В нашем флигеле, кроме нас, жил еще один эмигрант-генерал. Он был одним из организаторов той украинской флотилии, с которой Валентин Михайлович ушел из Киева в Польшу. Вскоре после того как мы переехали в Ромейки, генерал обратился к Валентину Михайловичу с просьбой его приютить. Попросив позволения у папы, мы поместили генерала в двух отдельных комнатах нашего дома.
Мои домашние работы и занятия представлялись мне очень важными, требующими скорого исполнения. И не успевала я кончить чего-нибудь одного, как появлялись новые неотложные дела. Я научилась вязать, вышивать и немало времени отдавала заботам об одежде; но не потому, что всегда любила хорошо одеваться, а потому, что муж мой, мне казалось, всегда сравнивал мой вид и наружность с другими женщинами. Меня это обижало.
"Не могу же я быть моложе и красивее всех на свете, ведь если любит по-настоящему, то не за это", думала я с болью.
Домашние заботы и дела так заполняли мое время и мысли, что я не заметила, как муж постепенно стал отходить от меня. Я привыкла и мне казалось понятным, что его целый день нет дома: то он во дворе распоряжается, то верхом на лошади объезжает поля, то в лесу, то на охоте, а вечерами всегда у папы. Но последнее время я заметила, что не только дня, но почти одного часа не бывало, который он провел бы дома со мной.
- И где это ты пропадаешь, Валя? Я никогда тебя не вижу, - наконец спросила я его.
- Не знаешь где? Днем в поле на работах, а вечером надо обо всем с папой посоветоваться. Да не задерживай; прикажи обед подавать, скорей, скорей. Мне некогда. Да, кстати, где мои рубашки? Не могу найти. Дай мне чистую, - нетерпеливо бросал он.
- Хорошо, я тебе достану, когда вернешься с поля, - удивляясь необычности его просьбы, ответила я.
- Да нет. Мне сейчас надо. Не могу же я ходить грязный, как шмаровоз, - сердито добавил он.

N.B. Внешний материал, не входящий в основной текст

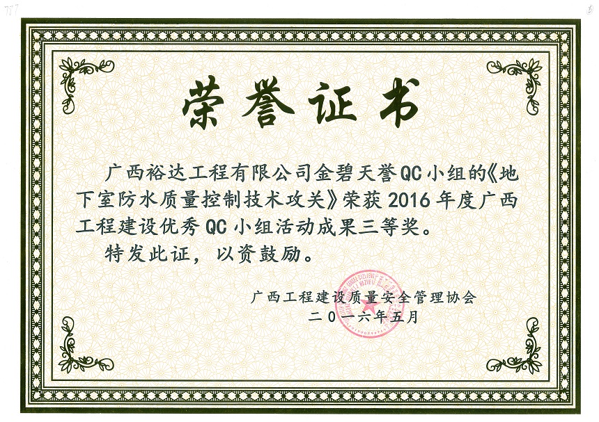 2016年度广西工程建设优秀QC小组活动成果三等奖《地下室防水质量控制技术攻关》-金碧天誉QC小组
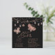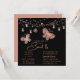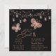 O Sweet 16 Rosa Dourado Butterfly Chic Modern Birthday Invances apresenta elegantes borboletas de ouro rosa com luzes de cordas em um fundo preto com suas informações de Convite 16 Doce abaixo. Personalize editando o texto nas caixas de texto. Projetado para você por ©Evco Studio www.zazzle.com/store/evcostudio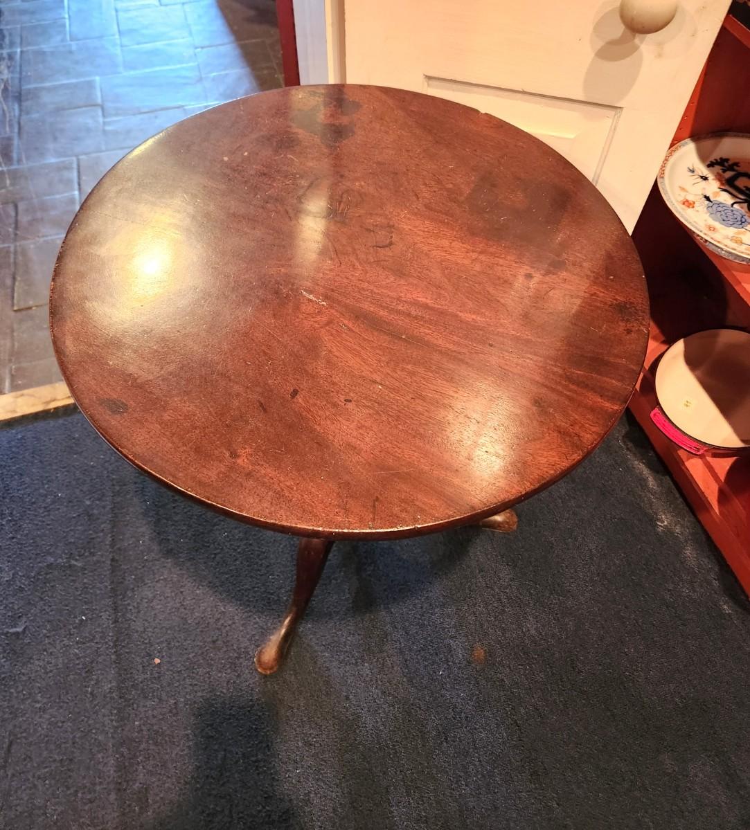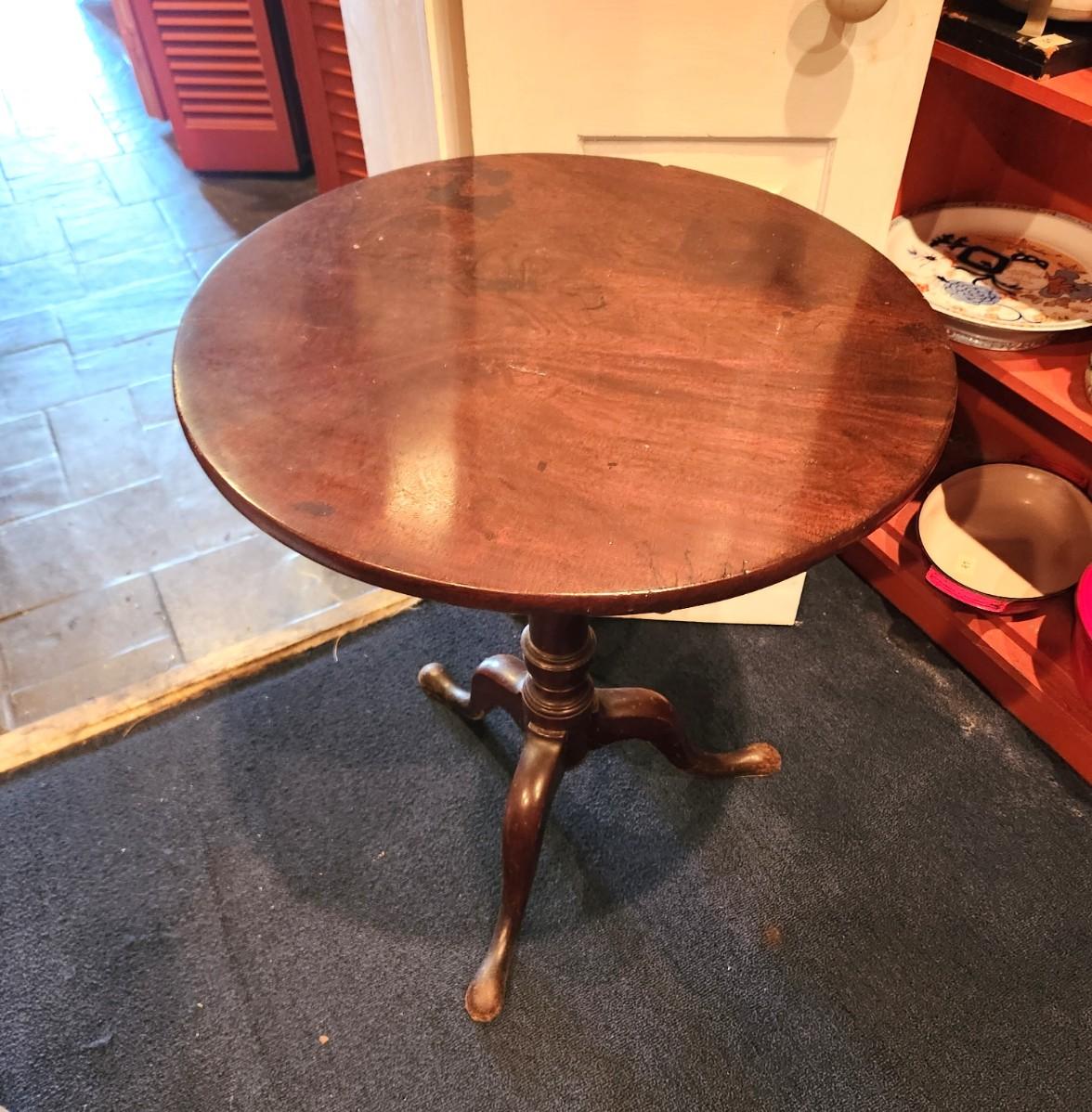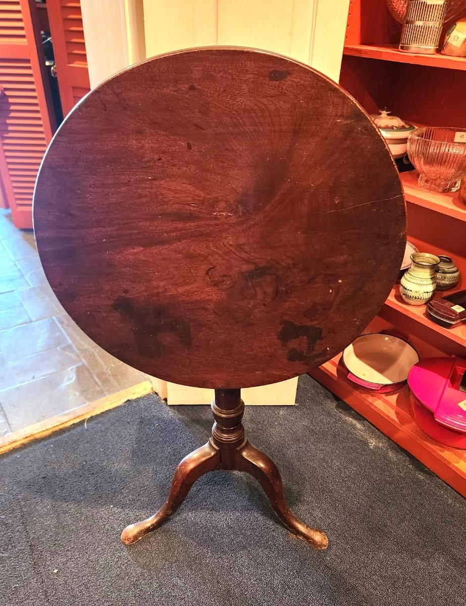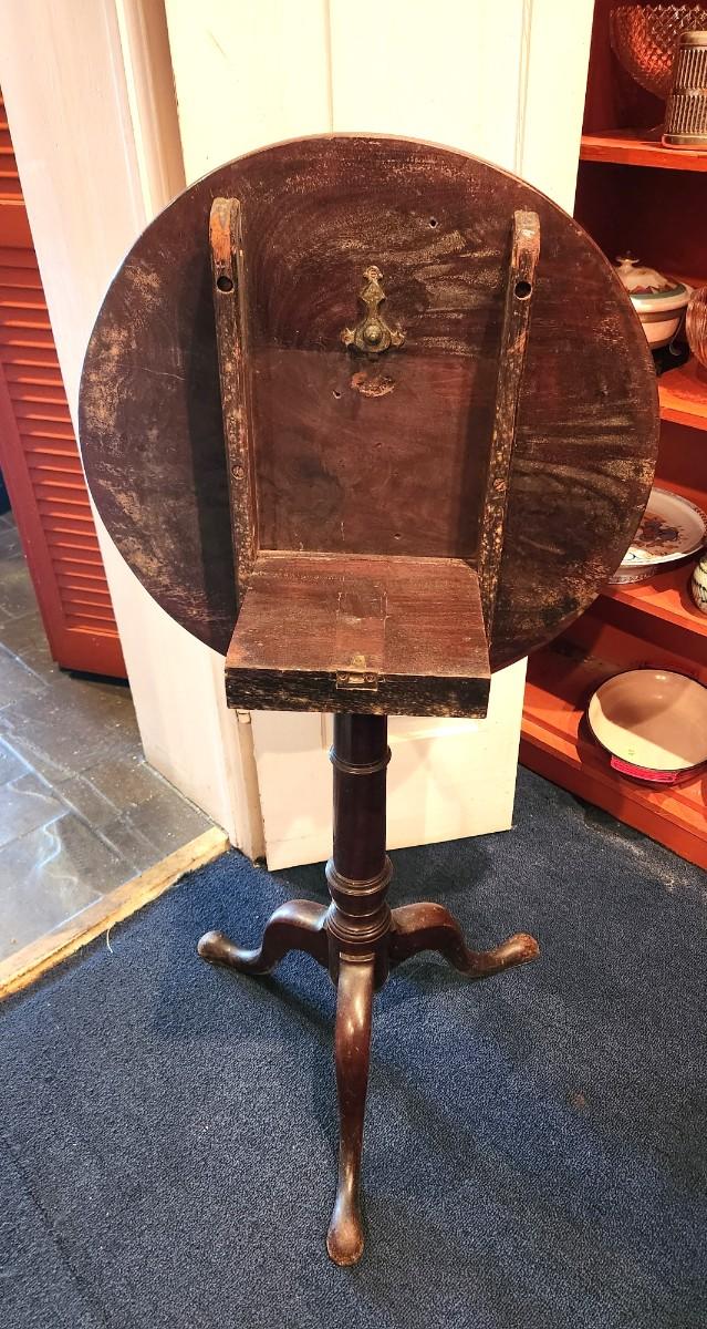 This antique tilt top table is likely from the late 19th century - works fine - three legs, antique condition. 23" across, 28" tall when flat, 43" tall when standing up.

"Удивительное дело, - думала я, - и что это с ним сделалось. Утром же одел чистую и она еще вполне хороша. Раньше, бывало, никак с него рубашки не стянешь, будет ходить в одной, пока скандала не устрою. А теперь только то и делает, что меняет их, волосы помадит и даже часто нос пудрит".
И так завелось каждый день. Не успевает войти в дом, как кричит:
- Обед готов? Скорее, скорее! - и проглотив исчезает.
По утрам муж вставал рано, я много позже.
В то утро, проснувшись, я продолжала лежать, освобождаясь от впечатлений тяжелого сна.
Сквозь щель в слегка колыхавшихся портьерах, пробивался луч солнца и, отражаясь от зеркальца на туалетном столике, прыгал "зайчиком" по потолку. Машинально следя за его игрой, я припоминала: "Какой это день сегодня? Да, воскресенье, и видно чудесный день. Хорошо бы собраться всем вместе и поехать на пикник на реку и выкупаться. Все поехали бы с удовольствием. Володя только безнадежный. Настоящий медведь сделался. Сидит там у себя на пасеке и никуда его не вытащишь. А Валя? Какой-то он теперь странный: взгляд отсутствующий, словно ни меня и ничего кругом не видит; молчит, курит, куда-то торопится".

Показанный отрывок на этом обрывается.